Arakne se retourna vers la responsable de tout ce raffut, tandis qu'en arrière fond, on demandait encore un tonnerre d'applaudissement de la part du présentateur de ce concours. Il n'y avait que la capitale pour proposer des animations pareilles en pleine rue, de jour. Si l'on allait dans les campagnes alentours, on subissait bien vite la tyrannie paisible de la ruralité, et bien qu'il appréciait les arts plus que quiconque, et au moins autant que sa compagnie aujourd'hui, un peu de tranquillité lui permettait de mieux se concentrer, et de faire un travail remarquable. Ici, il avait de nombreuses difficultés à être à son maximum, et il faisait souvent des aller retour jusqu'au domaine viticole que possédait sa famille, plutôt que d'user de la chambre attenante à son lieu de travail.
Il arqua un sourcil, mais ce fut un sourire qui répondit à la prise de parole de sa vis à vis, qui lui faisait part de l'honneur qu'elle éprouvait à le rencontrer en ses lieux. Et le plaisir alors ? Lui avait un plaisir tout particulier à la croiser en ce jour, surtout depuis qu'elle était devenue la femme la plus cotée de tout le pays. Il faut dire qu'elle était sacrément belle, et surtout intelligente. Une femme brillante, avec du charisme et beaucoup de grâce. Il en fallut de peu qu'il perde son objectif de vue, celui de la remplacer un jour dans ses fonctions.
Après tout, il avait le temps d'attendre ; Chaque chose en son temps.
- L'honneur est partagé, Madame la Ministre Eleison, le plaisir également je l'espère ?Votre vue m'a toujours procuré une joie certaine, mais ses derniers jours, vous semblez de plus en plus resplendissante ... Fit-il d'un ton mielleux, mais sans excès. On aurait pû croire de la politesse venant de quelqu'un de normal, mais pour Kâ, c'était ainsi qu'il montrait son intérêt. Il avait toujours admiré cette femme, depuis ses visites fréquentes au temple de Lucy, jusqu'à aujourd'hui.
Et appartement, en croyant à sa chance, il l'avait provoqué.

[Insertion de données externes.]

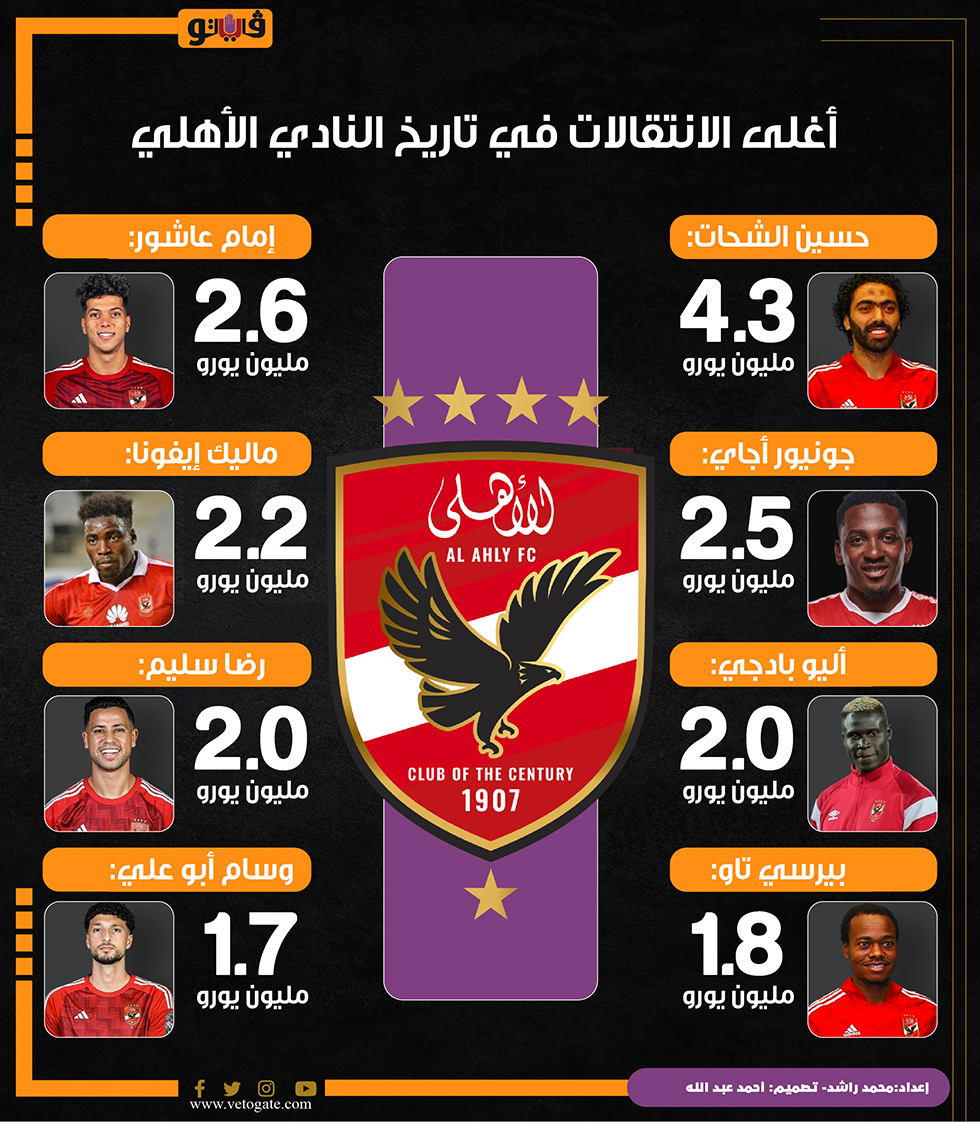 أغلى الانتقالات في تاريخ النادي الأهلي (إنفوجراف) الأحد 28/يوليو/2024 - 01:15 م 7/28/2024 1:15:43 PM الأهلي، فيتو محمد راشد شارك طباعة 18 حجم الخط شارك طباعة حسين الشحات إمام عاشور جونيور أجاي ماليك ايفونا اليو بادجى رضا سليم بيرسي تاو وسام أبو علي

- Je tenais à vous féliciter en personne pour votre victoire, être Miss Aryon, rien de moins que ça ... Vous le méritez en tout les cas, bravo.Fit-il en applaudissant de manière distingué la concurrente qui repartait se reposer, se rafraîchir ou que sais-je encore. Mais tout ceci n'était que les banalités d'usage pour un noble parcourant le dur monde de la politique. Des ronds de jambes, des courbettes, et beaucoup de salive, voilà le secret. Et il aimait son travail pour cette raison, il détestait avoir à se battre lui même, et préférait laisser ce domaine de prédilection aux hommes qui affectionnait l'adrénaline du combat, et l'hémoglobine qui giclait.
Son truc à lui c'était des mots et de l'encre sur le papier.

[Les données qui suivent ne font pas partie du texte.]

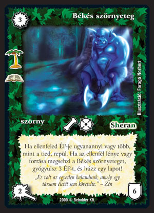 Békés szörnyeteg (8): Megkeserítette az életedet a sok agresszív lény? Akkor most végre nyugodtan alhatsz, hisz eljött közénk a Békés szörnyeteg! Ha már kicsit megkarcoltak az ellenfél lényei, akkor már a lomhasága sem lehet akadály, azon nyomban szétkenhet valami gyengébb lényt (mondjuk egy Elkorcsosult sziránuszt vagy egy Kelegisht), vagy csak simán üttetheti magát egy lényen, amit nem tud leütni. Nemcsak egy nehezen áthágható akadály az agresszoroknak de kiváló gyógyulás és erőforrás is. Ha egyszer elkezd működni, akkor jaj az ellenfélnek.

Deux armes qui ne s'obtenaient que grâce à la connaissance, plus que la puissance. Ainsi, il n'était pas étonnant qu'un homme dont l'on ne reconnaissait pour l'instant que les compétences martiales, ne fut que conseiller, malgré qu'il doive souffler sa vingt-neuvième bougie quelques mois plus tard. Mais s'il ne déméritait pas, s'il s'accrochait à son rêve, peut être qu'il arriverait à faire quelque chose de cette position, et se hisser à la tête du gouvernement.
C'était son plus grand rêve.
- Profitons du spectacle, mais je pense que nous avons fort à parler, vous et moi, beaucoup d'années se sont écoulés, n'est-il pas ?
Le deuxième concurrent, un homme fluet et blond, s'avança sur la scène.